═══ Information shown
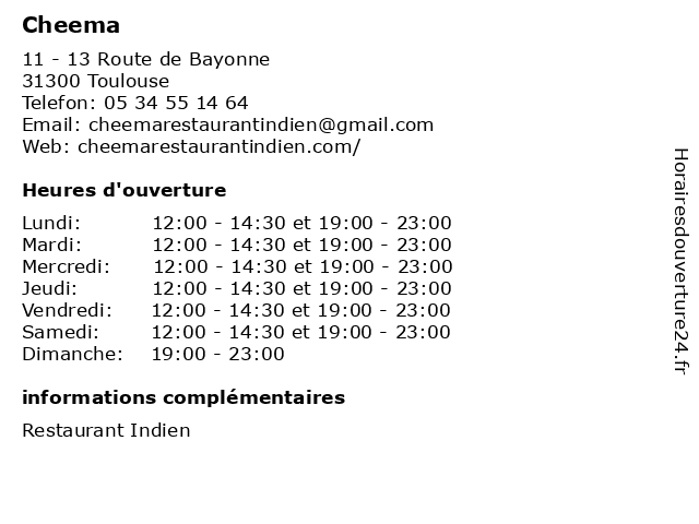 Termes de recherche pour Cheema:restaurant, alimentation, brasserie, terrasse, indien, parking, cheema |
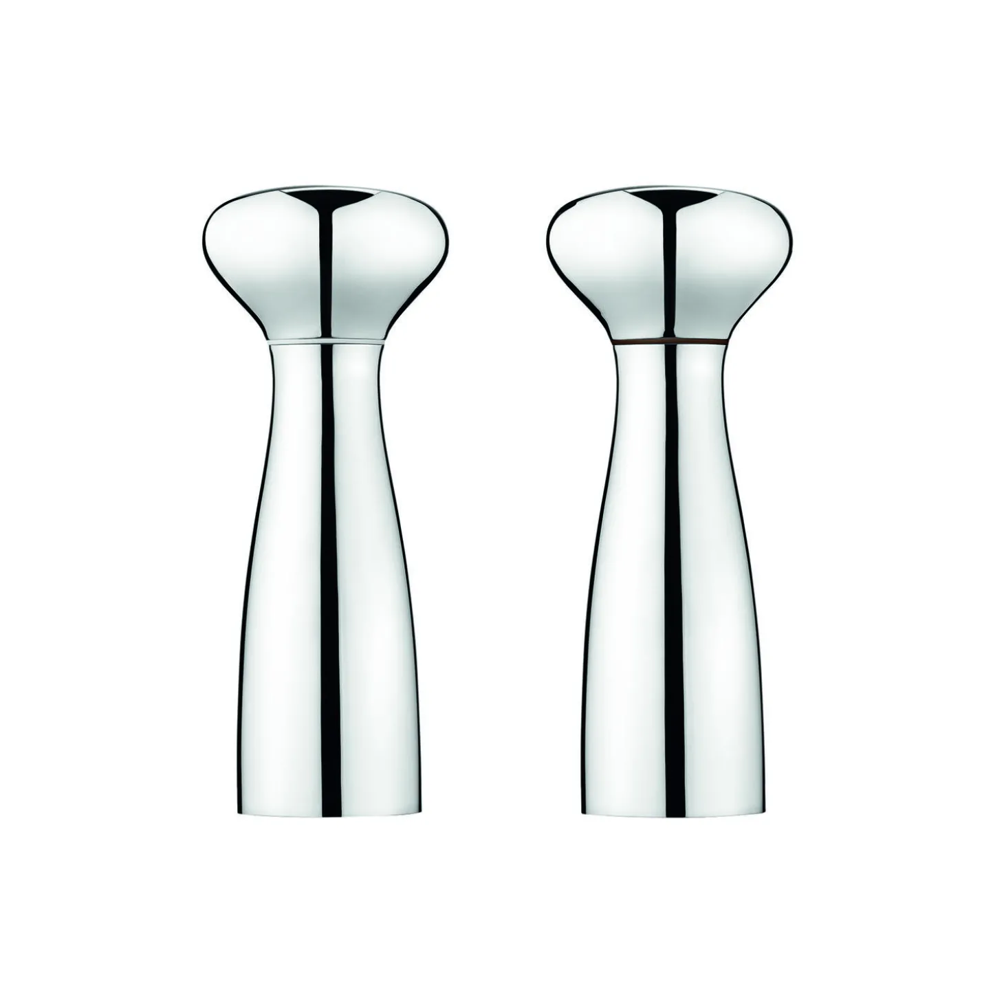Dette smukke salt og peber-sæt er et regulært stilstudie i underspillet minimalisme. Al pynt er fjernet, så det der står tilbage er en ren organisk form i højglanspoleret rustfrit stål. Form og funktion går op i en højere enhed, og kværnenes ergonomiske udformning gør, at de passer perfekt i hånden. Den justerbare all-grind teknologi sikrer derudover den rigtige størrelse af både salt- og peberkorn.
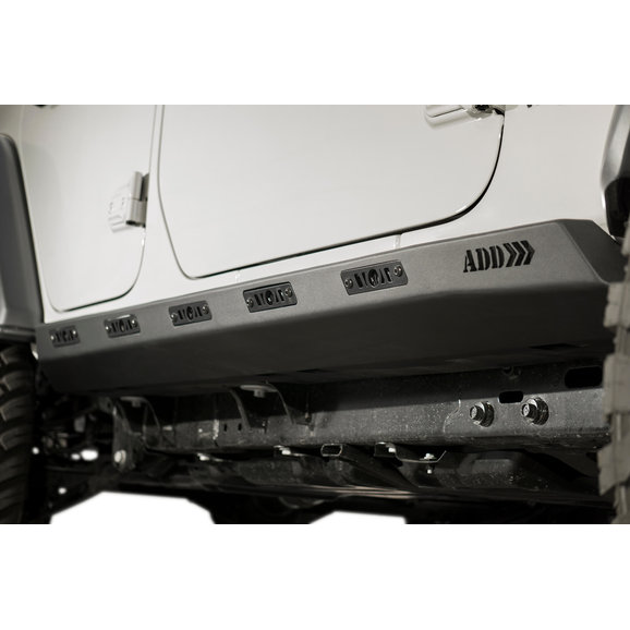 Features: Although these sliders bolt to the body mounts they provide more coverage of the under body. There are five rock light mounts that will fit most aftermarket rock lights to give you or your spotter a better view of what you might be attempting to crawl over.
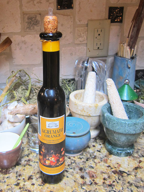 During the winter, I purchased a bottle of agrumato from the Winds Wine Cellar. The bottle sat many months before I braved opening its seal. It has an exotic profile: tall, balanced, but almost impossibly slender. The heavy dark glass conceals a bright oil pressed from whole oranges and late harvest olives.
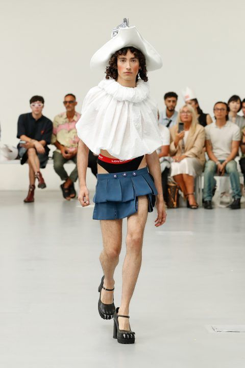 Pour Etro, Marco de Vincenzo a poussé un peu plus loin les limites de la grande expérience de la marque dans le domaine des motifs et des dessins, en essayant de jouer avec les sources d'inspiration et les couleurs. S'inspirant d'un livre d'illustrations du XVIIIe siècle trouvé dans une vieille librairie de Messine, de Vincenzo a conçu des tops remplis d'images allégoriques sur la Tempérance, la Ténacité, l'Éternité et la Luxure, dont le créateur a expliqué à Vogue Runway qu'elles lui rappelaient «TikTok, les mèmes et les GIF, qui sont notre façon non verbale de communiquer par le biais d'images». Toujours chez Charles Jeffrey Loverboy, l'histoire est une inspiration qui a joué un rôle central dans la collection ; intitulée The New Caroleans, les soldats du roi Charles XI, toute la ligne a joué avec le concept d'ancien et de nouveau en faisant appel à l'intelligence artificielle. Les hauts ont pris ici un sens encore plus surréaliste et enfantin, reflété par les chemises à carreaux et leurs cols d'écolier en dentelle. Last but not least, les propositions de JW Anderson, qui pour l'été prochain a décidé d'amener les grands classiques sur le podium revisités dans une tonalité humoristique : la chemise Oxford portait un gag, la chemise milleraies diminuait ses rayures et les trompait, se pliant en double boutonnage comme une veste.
══════
═══ Information shown
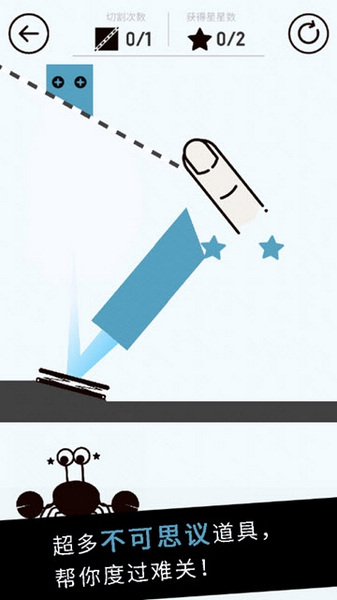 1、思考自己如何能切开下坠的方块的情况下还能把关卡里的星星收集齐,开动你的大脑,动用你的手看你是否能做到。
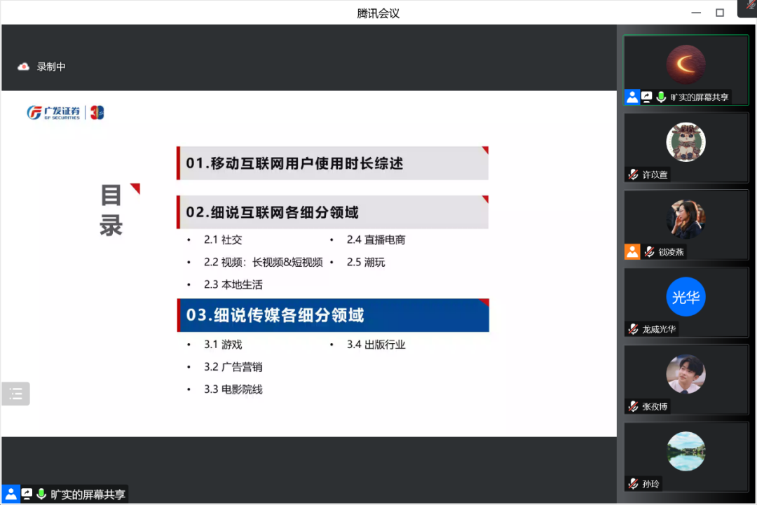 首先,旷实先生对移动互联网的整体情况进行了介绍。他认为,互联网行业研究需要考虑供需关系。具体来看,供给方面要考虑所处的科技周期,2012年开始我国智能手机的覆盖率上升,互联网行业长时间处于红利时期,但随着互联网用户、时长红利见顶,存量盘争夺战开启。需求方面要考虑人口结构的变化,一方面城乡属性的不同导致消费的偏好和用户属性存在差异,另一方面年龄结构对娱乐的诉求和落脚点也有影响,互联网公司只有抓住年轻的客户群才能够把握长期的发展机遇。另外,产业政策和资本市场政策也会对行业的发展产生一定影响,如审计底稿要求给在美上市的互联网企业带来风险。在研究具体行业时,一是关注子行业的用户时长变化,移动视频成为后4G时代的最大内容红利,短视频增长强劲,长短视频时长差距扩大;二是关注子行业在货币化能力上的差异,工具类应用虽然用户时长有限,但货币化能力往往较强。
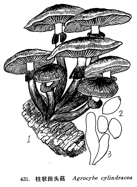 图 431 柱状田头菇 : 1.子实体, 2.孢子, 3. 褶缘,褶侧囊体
══════
* [Exercise instructions]: Without the pictures, set down the lines above from the line with "Termes de recherche" up to and including the line with "Features: Although these" exactly as they stand.

* [Answer for the task]:
 Termes de recherche pour Cheema:restaurant, alimentation, brasserie, terrasse, indien, parking, cheema |
Dette smukke salt og peber-sæt er et regulært stilstudie i underspillet minimalisme. Al pynt er fjernet, så det der står tilbage er en ren organisk form i højglanspoleret rustfrit stål. Form og funktion går op i en højere enhed, og kværnenes ergonomiske udformning gør, at de passer perfekt i hånden. Den justerbare all-grind teknologi sikrer derudover den rigtige størrelse af både salt- og peberkorn.
 Features: Although these sliders bolt to the body mounts they provide more coverage of the under body. There are five rock light mounts that will fit most aftermarket rock lights to give you or your spotter a better view of what you might be attempting to crawl over.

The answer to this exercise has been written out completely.